Комната Наоми (ЛП)
Я ступил на половицы и провёл лучом по ним, ища в пыли дорожки или следы ног. Свет не показывал ничего, кроме слоя тонкой серой пыли, куда бы я ни светил. Я ходил, переходя от предмета к предмету, и находил все нетронутым. Сама возможность существования следов стала казаться абсурдной.
Свет играл на самой дальней от меня стене, слегка открывая неглубокий проем, в котором находилось окно. Я на мгновение задумался, почему на чердак не проникает свет снаружи, затем, когда луч переместился обратно, вспомнил, что сам закрывал ставни, когда в последний раз поднимался сюда, чтобы сохранить неотапливаемое помещение достаточно хорошо закрытым от стихии. Увидев, что ставни по-прежнему плотно закрыты, как их и оставил, я как никогда раньше усомнился в правдивости Льюиса и его фотографий. Как он мог сфотографировать кого-либо, даже призрака, стоящего у этого окна?
Я подошел к ставням и потянул за металлическую планку, скреплявшую две створки.
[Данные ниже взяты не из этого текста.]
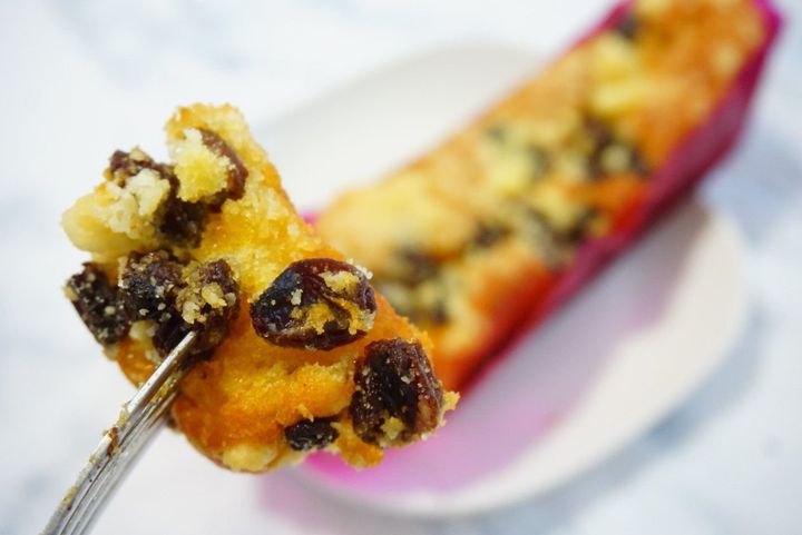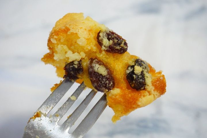 もっちりとしたバタースコッチ風生地に、ラム酒につけたラムレーズンとバタークランブルがトッピングされたケーキ。生地に練乳が入っており、濃厚なコクを感じる事ができます。
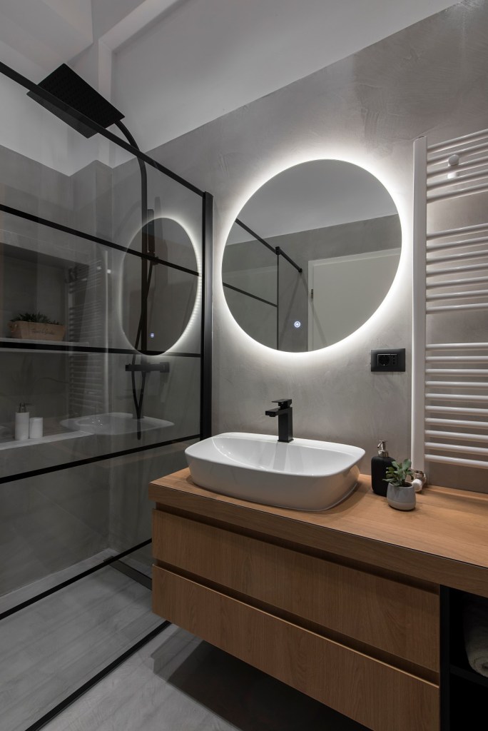 - Poți schimba dramatic aspectul unei băi fără a sparge finisajele vechi (mai ales dacă finisajele existente sunt în stare bună), folosind microciment. În plus, acesta se poate hidroizola. Este un material excelent în dușuri, de exemplu.
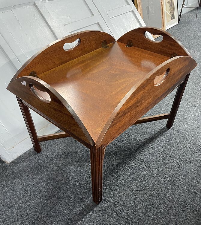 A Georgian style mahogany 'butler's tray' style coffee table, with hinged sides, raised on inner chamfered moulded square supports united by a cross stretcher, 82cm by 52cm opening to 102cm by 79cm,

Она неохотно поддалась, а затем взлетела вверх. Я потянул левое крыло назад; оно скрипнуло на несмазанных петлях, затем согнулось и сложилось не совсем вровень со стеной. С правым крылом оказалось сложнее. Пока возился с ним, я выглянул в окно.
Несколько мгновений сцена за стеклом, казалось, то приближалась, то удалялась. Ничто не выглядело так, как раньше; остались только основные контуры палисадника и дороги за ним. Деревья и кусты, даже точные пропорции газона совершенно изменились. Дома напротив совсем не стало видно. Мне показалось, что я заметил, как кто-то… или что-то… движется по газону, просто на краю моего зрения.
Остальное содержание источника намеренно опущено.